低端DMA内存与普通内存的区别在于其起始地址。搜索适用于DMA的内存从地址0开始,而请求普通内存时则从MAX_DMA_ADDRESS向上。
__alloc_bootmem_core函数的功能相对而言和广泛。该函数不仅能够分配整个的内存页,还能分配页的一部分。
该函数执行下列操作:
(1)从goal开始,扫描位图,查找满足分配请求的空闲内存区。
(2)如果目标页紧接着上一次分配的页,即ootmem_data->last_pos,内核会检查bootmem_data->last_offset,判断所需的内存是否能够在上一页分配或从上一页开始分配。
(3)新分配的页在位图对应的比特位设置为1,最后一页的数目也保存在bootmem_data->last_pos。如果该页未完全分配,则相应的偏移量保存在bootmem_data->last_offset;否则,该值设置为0.
(2)释放内存
内核提供了free_bootmem函数来释放内存。它需要两个参数:需要释放的内存区的起始地址和长度。不出意外,NUMA系统上等价函数的名称为free_bootmem_node,它需要一个额外的参数来指定结点。

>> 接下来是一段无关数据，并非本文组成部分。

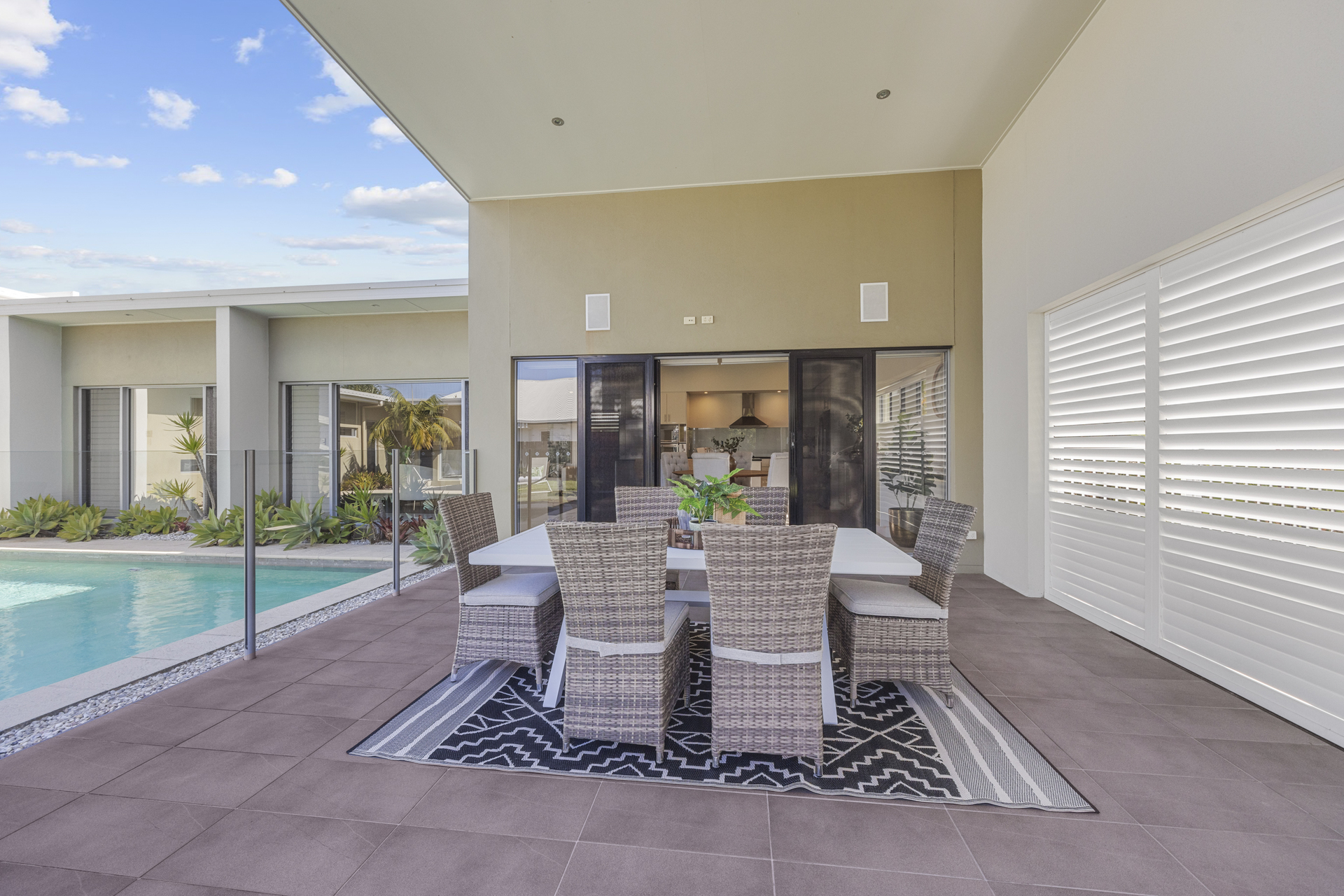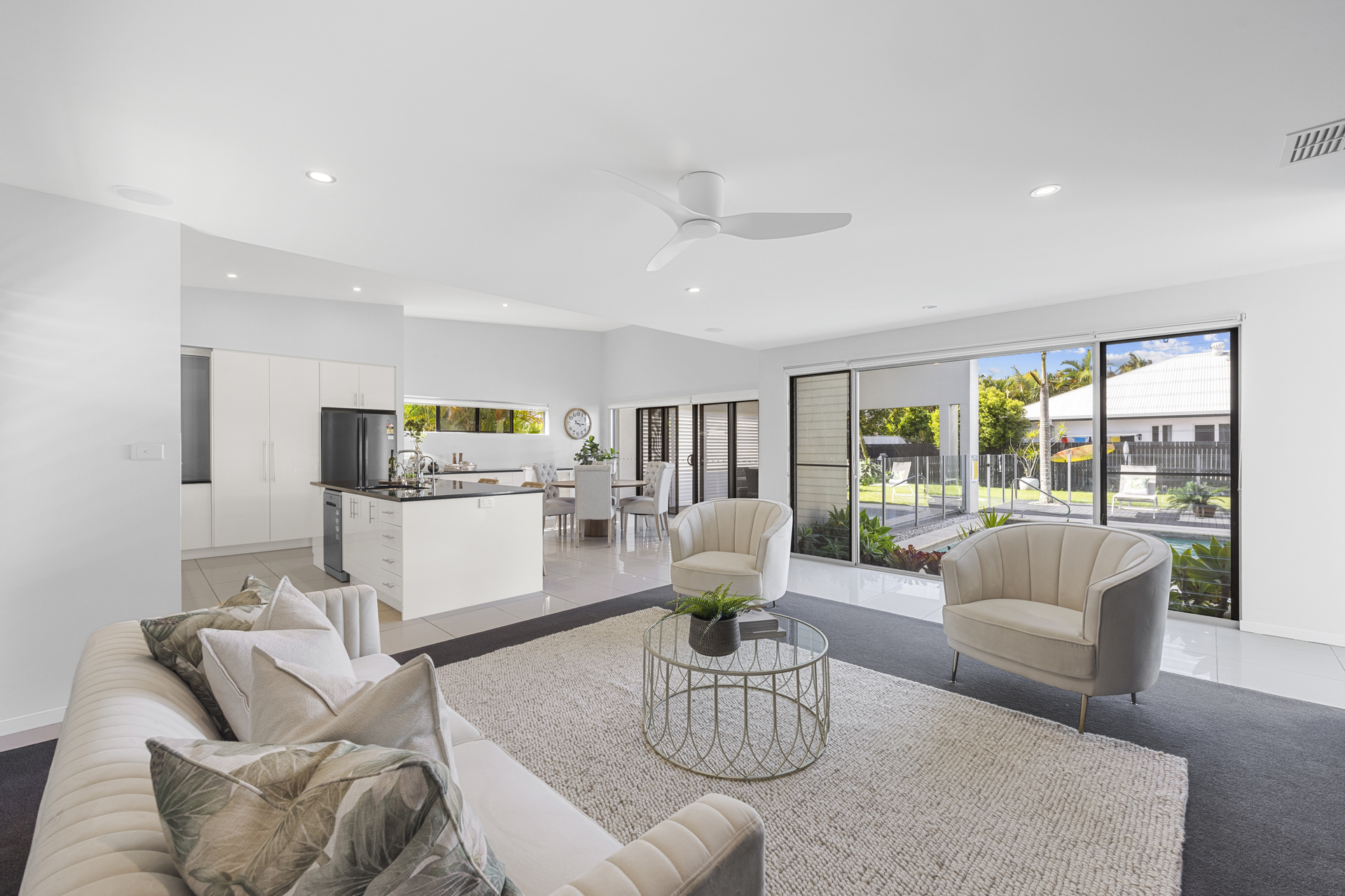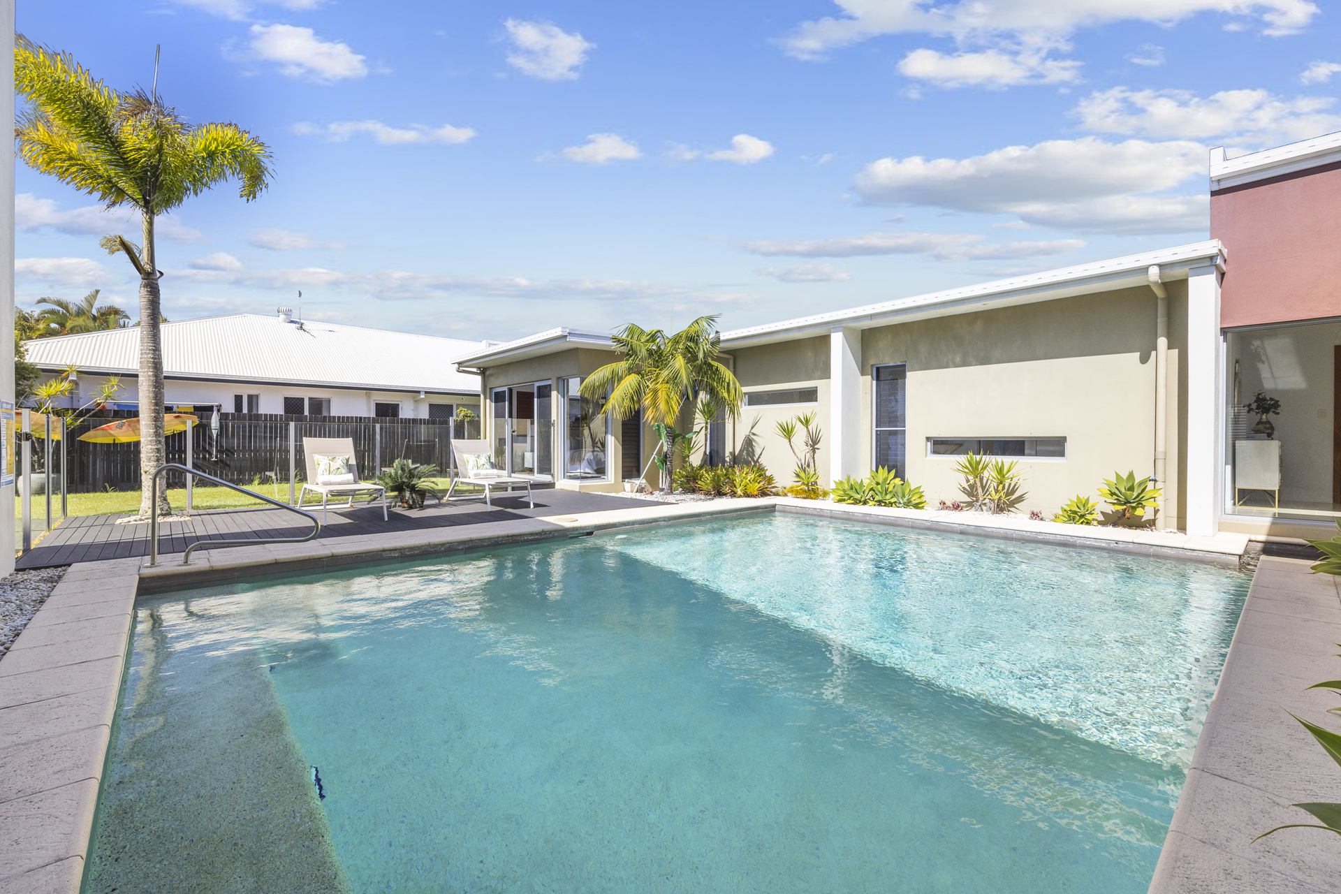 Presentation is pristine and the floor plan is well designed facilitating seamless integrated indoor/outdoor living in symmetry with the Sunshine Coast climate and lifestyle; and it showcases the pool– a striking centrepiece of the home, from virtually all rooms.

/** * free_bootmem_node - mark a page range as usable * @pgdat: node the range resides on * @physaddr: starting address of the range * @size: size of the range in bytes * * Partial pages will be considered reserved and left as they are. * * The range must reside completely on the specified node. */ void __init free_bootmem_node(pg_data_t *pgdat, unsigned long physaddr, unsigned long size) { unsigned long start, end; kmemleak_free_part(__va(physaddr), size); start = PFN_UP(physaddr); end = PFN_DOWN(physaddr + size); mark_bootmem_node(pgdat->bdata, start, end, 0, 0); } /** * free_bootmem - mark a page range as usable * @addr: starting physical address of the range * @size: size of the range in bytes * * Partial pages will be considered reserved and left as they are. * * The range must be contiguous but may span node boundaries. */ void __init free_bootmem(unsigned long physaddr, unsigned long size) { unsigned long start, end; kmemleak_free_part(__va(physaddr), size); start = PFN_UP(physaddr); end = PFN_DOWN(physaddr + size); mark_bootmem(start, end, 0, 0); }
4. 停用bootmem分配器
在系统初始化进行到伙伴系统分配器能够承担内存管理的责任后,必须停用bootmem分配器,毕竟不能同时用两个分配器管理内存。在UMA和NUMA系统上,停用分别由free_all_bootmem和free_all_bootmem_node完成,在伙伴系统建立之后,特定于体系结构的初始化代码还需要调用这两个函数。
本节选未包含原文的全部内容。